Problem statement:
Emit a verbatim copy of the lines below from the line with "厳選11種のパワー素材をバラ" through the line with "Ces trois chatons", excluding pictures and everything outside that range.

Extracted records:

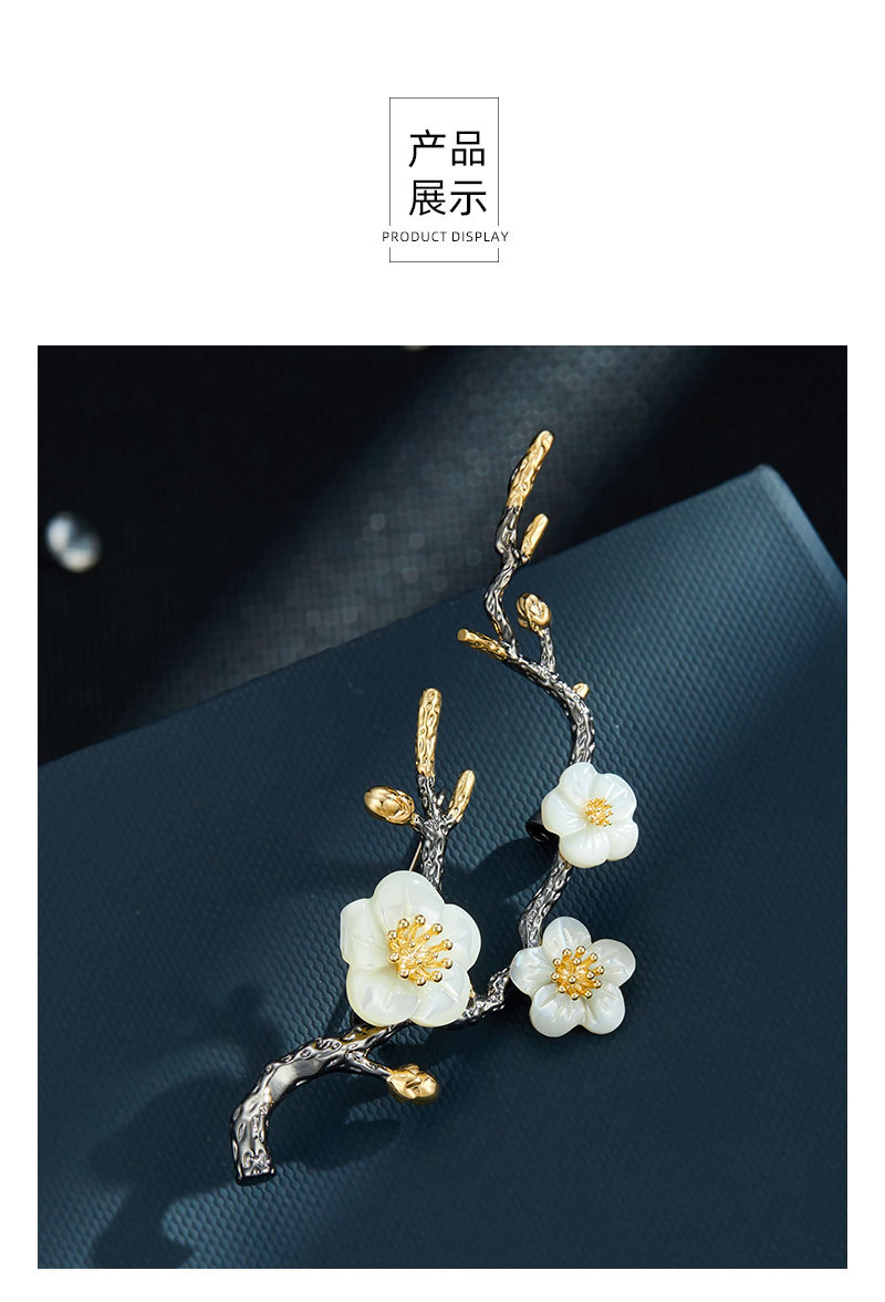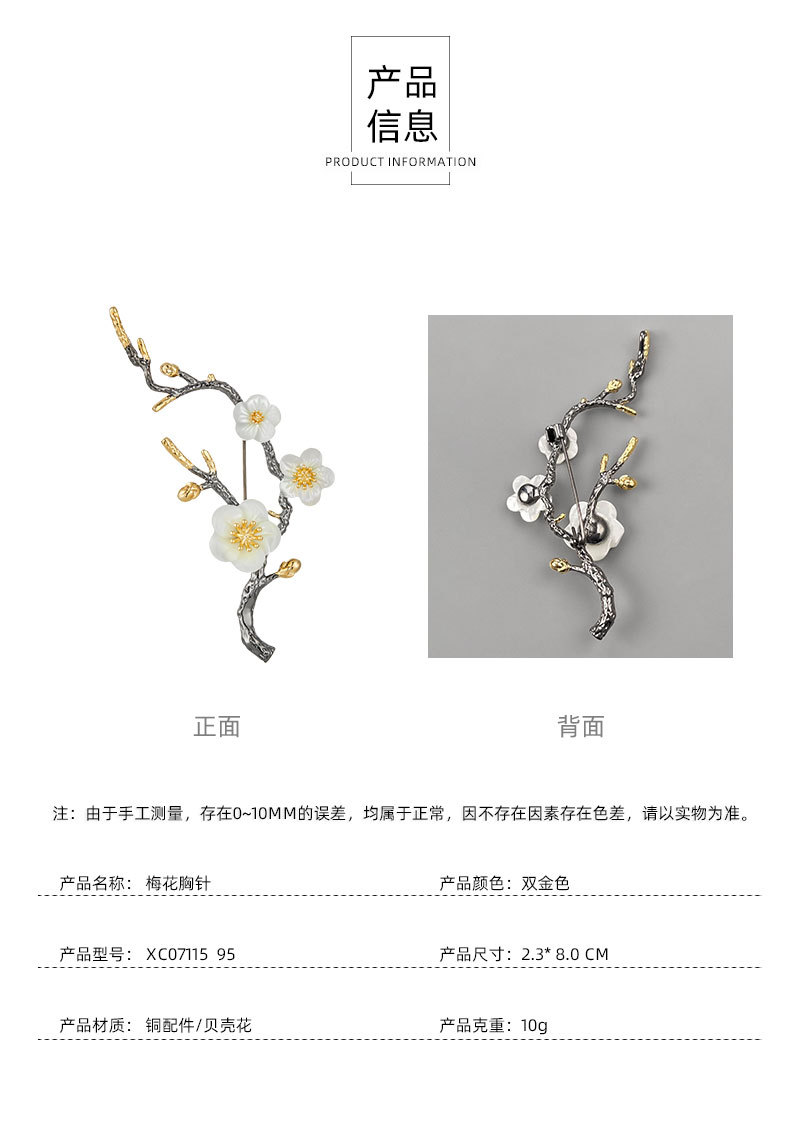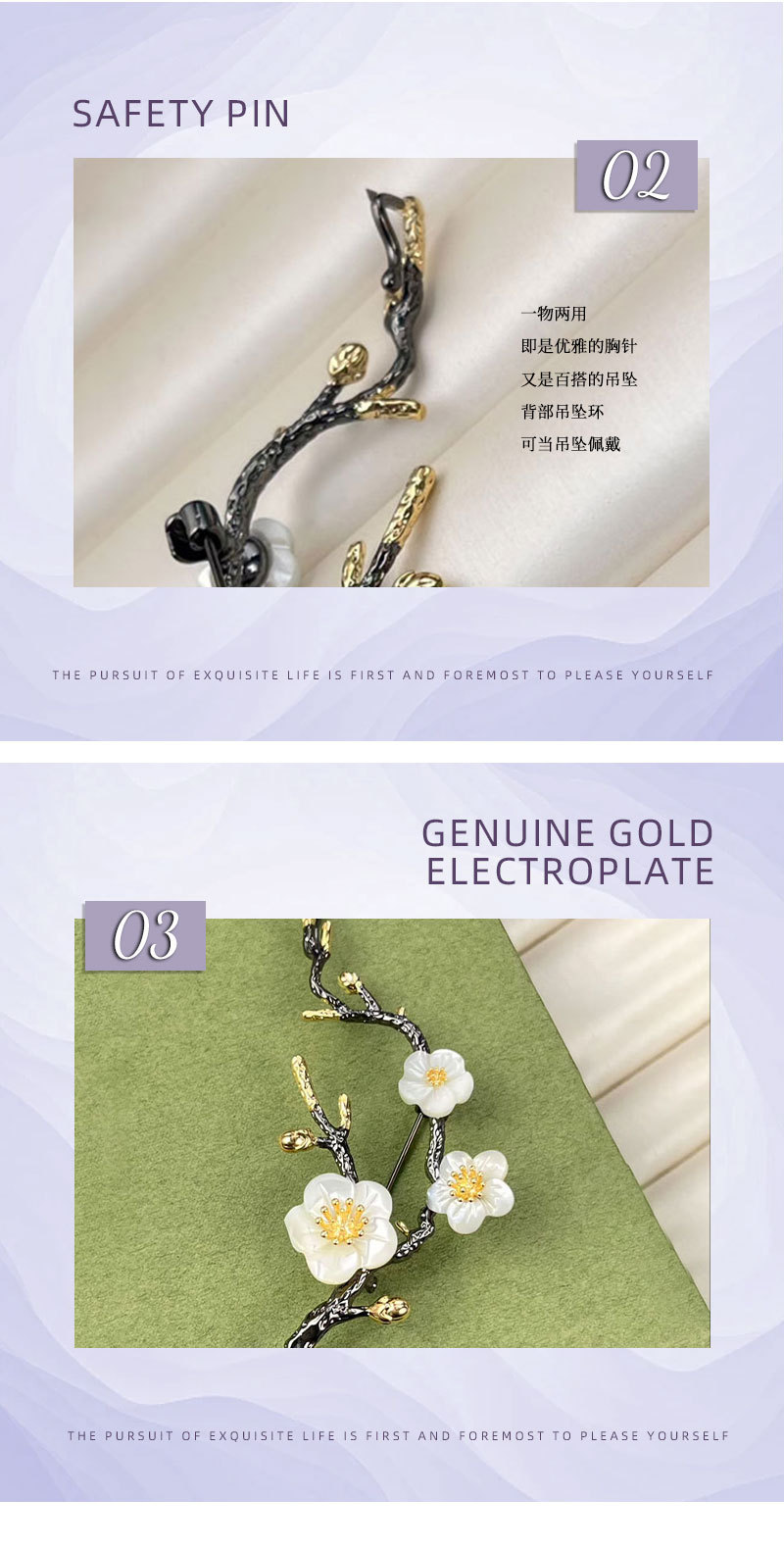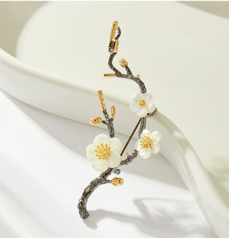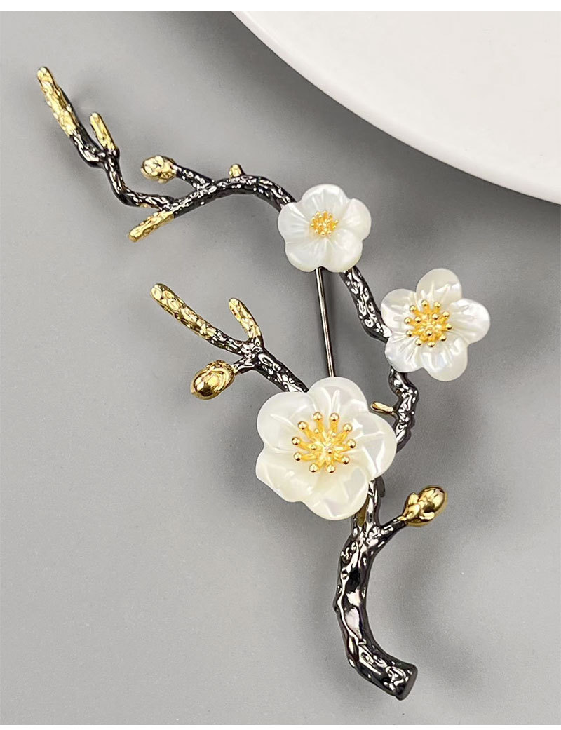 Fashionable and light luxury two-color golden plum flower brooch, light luxury and high-end shell flower brooch, new retro and elegant women's brooch
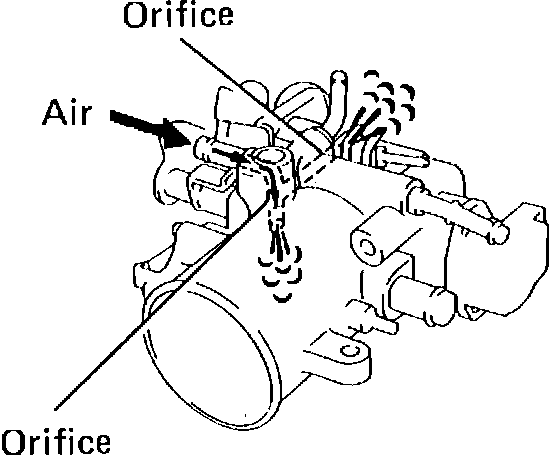 Check inlet orifices on throttle valve housing, Fig. 9. Clean with solvent and blow out with compressed air.
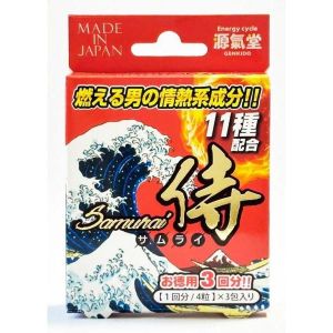 厳選11種のパワー素材をバランス配合!そしてメイドインジャパンの底力!!マカ、カンカ、冬虫夏草、トンカットアリ、エゾウコギなどのインバウンドでも着目されている植物原料に最後にミネラル分として亜鉛を配合し、バランスを整えました。パワー不足な方、仕事や遊びやスポーツでも「今日は頑張らないと!」という日に限って調子の悪い方、そんな方は是非、「侍シリーズ」をお試しください。「1回分の黒」「3回分の赤」「10回分の白」と視認性も抜群で、昨今ではインバウンド需要の回復に伴い、更にご好評頂いております。目安として1日4粒をパフォーマンスを発揮したい約2時間前に飲用下さい。
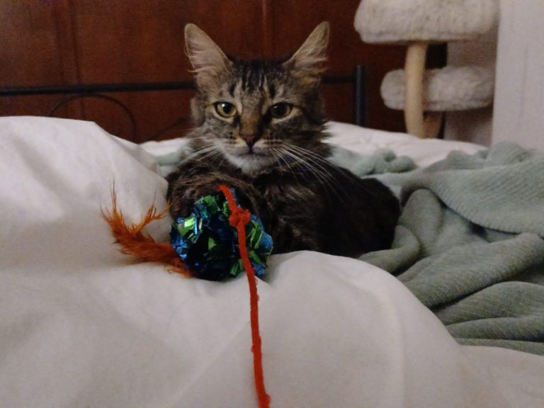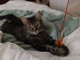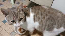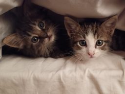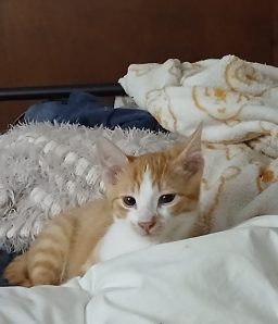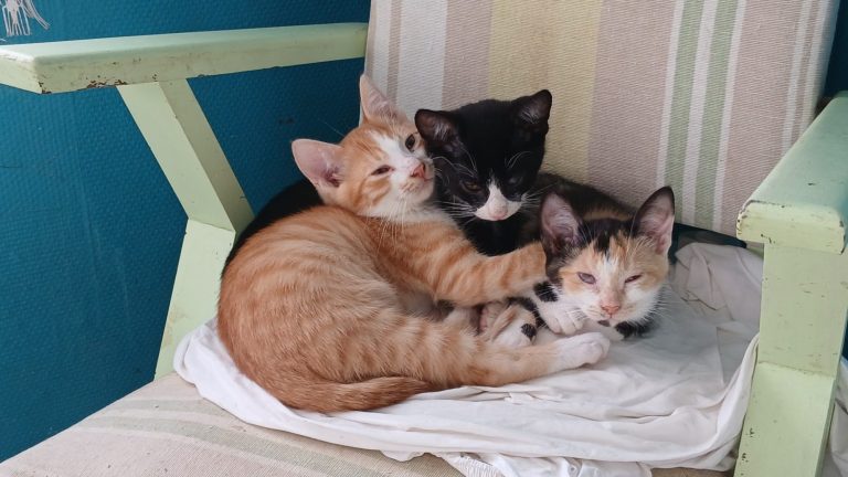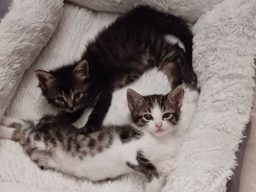 Ces trois chatons âgés d'environ trois mois ont été retirés d'un environnement peu sain (surpopulation de chats, coryza, pauvre alimetation, etc). Ils vont tous les toirs très bien et continuent de grandir. Ils seront certainement proposés à l'adoption lorsqu'ils auront atteint l'âge pour être stérilisés. Ils auront également besoin de leur primo-vaccination et d'être pucés.
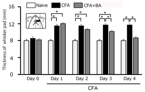Comparison of changes in complete Freund’s adjuvant (CFA)-induced inflammatory edema among naïve, inflamed, and butyrate (BA)-treated inflamed rats. Each column represents the mean thickness of the edematous area in the whisker pad for three groups of rats. *, p < 0.05, comparing naïve rats (n = 5) vs. CFA-inflamed rats (n = 6), and CFA-inflamed rats vs. CFA-inflamed rats 4 days after butyric acid (BA) (50 mg/kg, intraperitoneal) treatment (n = 6). Inset: a schematic diagram illustrating the region used for measuring the CFA-induced orofacial inflammatory edema.
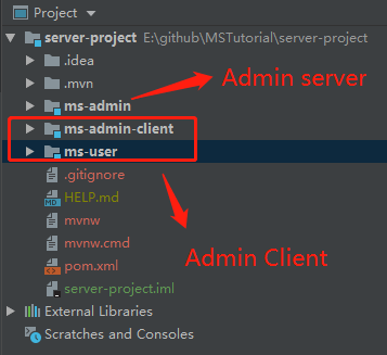 为了学习和验证 Spring Boot Admin 的使用,我创建了一个 Admin-Server 工程即 ms-admin ,创建了两个 Admin-Client 工程即 ms-user 和 ms-admin-client ,工程结构如下图:
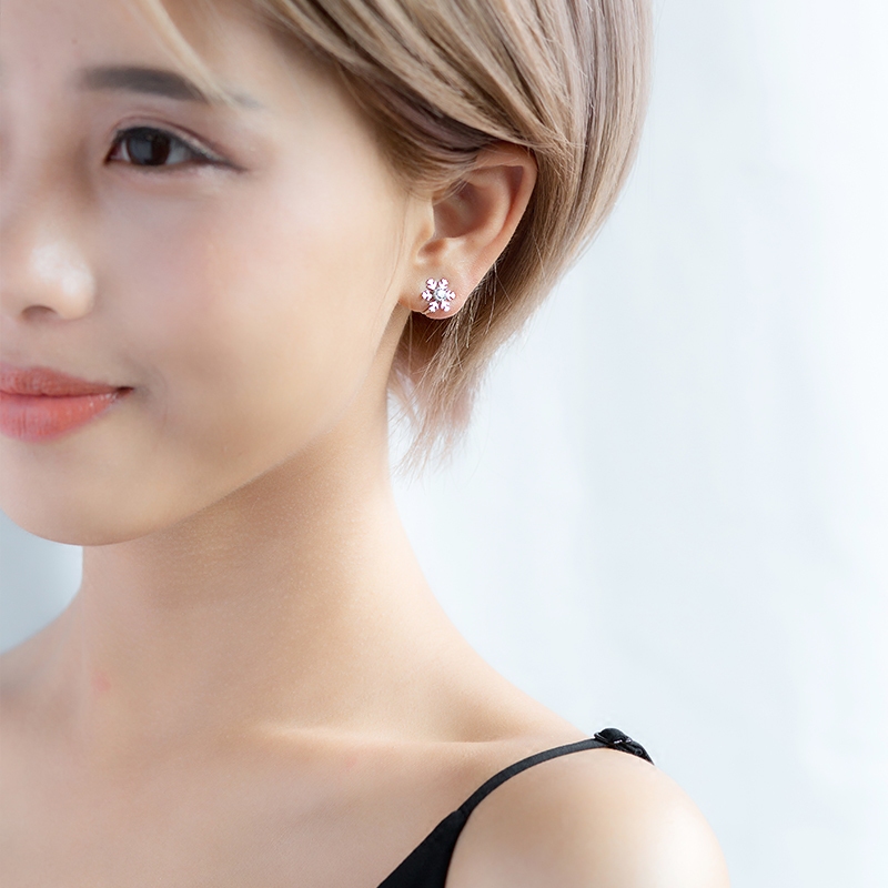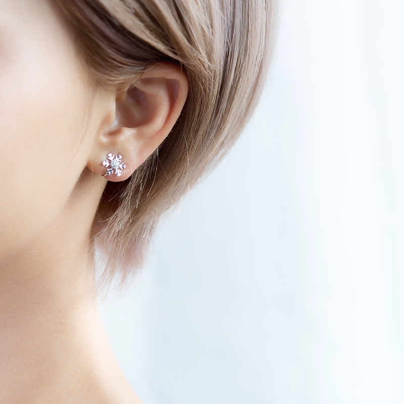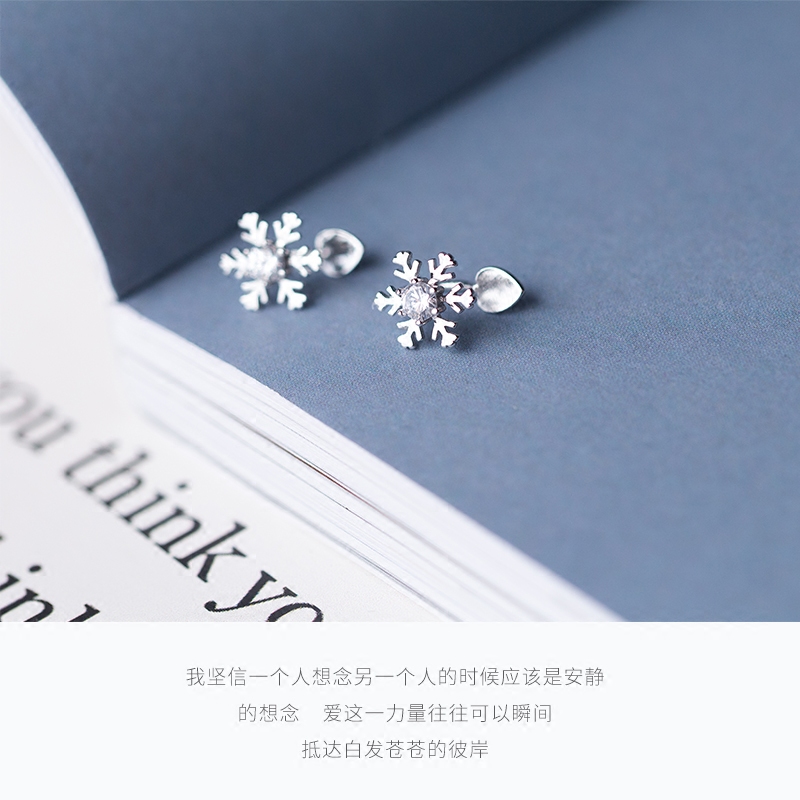 Love Rocky s925 silver ear clip female Korean version of small fresh diamond snowflake without ear pierced ear needle sweet flower jewelry

Solution below:
 厳選11種のパワー素材をバランス配合!そしてメイドインジャパンの底力!!マカ、カンカ、冬虫夏草、トンカットアリ、エゾウコギなどのインバウンドでも着目されている植物原料に最後にミネラル分として亜鉛を配合し、バランスを整えました。パワー不足な方、仕事や遊びやスポーツでも「今日は頑張らないと!」という日に限って調子の悪い方、そんな方は是非、「侍シリーズ」をお試しください。「1回分の黒」「3回分の赤」「10回分の白」と視認性も抜群で、昨今ではインバウンド需要の回復に伴い、更にご好評頂いております。目安として1日4粒をパフォーマンスを発揮したい約2時間前に飲用下さい。
 Ces trois chatons âgés d'environ trois mois ont été retirés d'un environnement peu sain (surpopulation de chats, coryza, pauvre alimetation, etc). Ils vont tous les toirs très bien et continuent de grandir. Ils seront certainement proposés à l'adoption lorsqu'ils auront atteint l'âge pour être stérilisés. Ils auront également besoin de leur primo-vaccination et d'être pucés.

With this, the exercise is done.